The Nonsense Room: Origin and Outcome
“Writing is nothing more than a guided dream.” — Jorge Luis Borges
1 January 1993
Story Idea: The Nonsense Room
Scientist invents room where nothing makes any sense — everything is irrational. In the beginning it is amusing. But his wife doesn’t like it when he goes “in there.” (“Don’t go in there so much.”)
One day he leaves through the window (or by some other means) and he discovers a whole nonsense world. When he can’t find his way back, he goes mad. (Or house catches fire? He’s stuck.)
5 January 1993
Enthused by progress I have made in the development of new story The Nonsense Room, a variation of Bradbury’s The Veldt and Borges’ Book of Sand. Nothing captivates the imagination like the crafting of a story.
This weekend (December 2019) I’ve been reading one of my journals from the early 90s (October 92 →April 94) This segment in my life seems to be a period in which I was generating numerous story concepts and following through with many of them.
Shortly after the new year I would be diverted, first by becoming an extra in a Disney film (Iron Will), then by pitching a movie concept and getting a go ahead. Just days after that occurred I received/accepted a book assignment. My short story season was quickly pushed to a back burner.
Eventually I picked up the thread on The Nonsense Room and completed something interesting. Here’s the beginning, with a link to the rest of the story at the end of this introductory scene. You can compare the outcome with my journal notes.
The Nonsense Room
“Greg, I don’t want you going in there tonight.”

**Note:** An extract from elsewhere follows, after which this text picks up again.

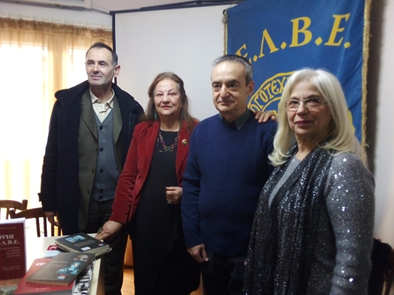 Στιγμιότυπο από την παρουσίαση του έργου του Βασίλη Παππά στην Ε.Λ.Β.Ε. Από αριστερά η Γεωργία Γοργώ Αλεξίου (τέως Πρόεδρος Ε.Λ.Β.Ε.), ο λογοτέχνης Βασίλης Παππάς, η Βασιλική Καρατάσιου Τσιώλη (Γεν. Γρ. Ε.ΛΟ.ΣΥ.Λ.) και ο νυν Πρόεδρος Ελευθέριος Μουφτόγλου.

“I mean it. It’s starting to -”
“It’s making me different somehow?”
“I didn’t say that.”
“But you’d like to say that. The room is changing me and you don’t like it, is that it?”
“I’m scared, Greg.”
He put his arm over her shoulders. “There, there.”
“It’s just a room,” he wanted to say, but he knew it was more than that. He had discovered a world, a strange world, and he was fascinated by it, wanted to understand what made it work.
“It’s not just a room,” she said.
“Did I say it was ‘just a room’?” he replied, startled.
“You were thinking it.”
As he turned away from her and stalked down the hall he had a thought, brief but vivid, that his relationship to this room would lead to a reckoning; but the thought slid away from him and escaped from his consciousness so that he was unable to retrieve it and could only hear in his mind the hollowness of the false comfort he offered while feigning paternalistic concern, saying, “There, there.”
“Greg!” his wife cried as he twisted the handle to the Nonsense Room, but he disregarded her and went in. He was not interested in having his life constricted by his wife’s fears and he was baffled by their intensity. Eyes flaming, Leslie fell to the sofa and lit a cigaret.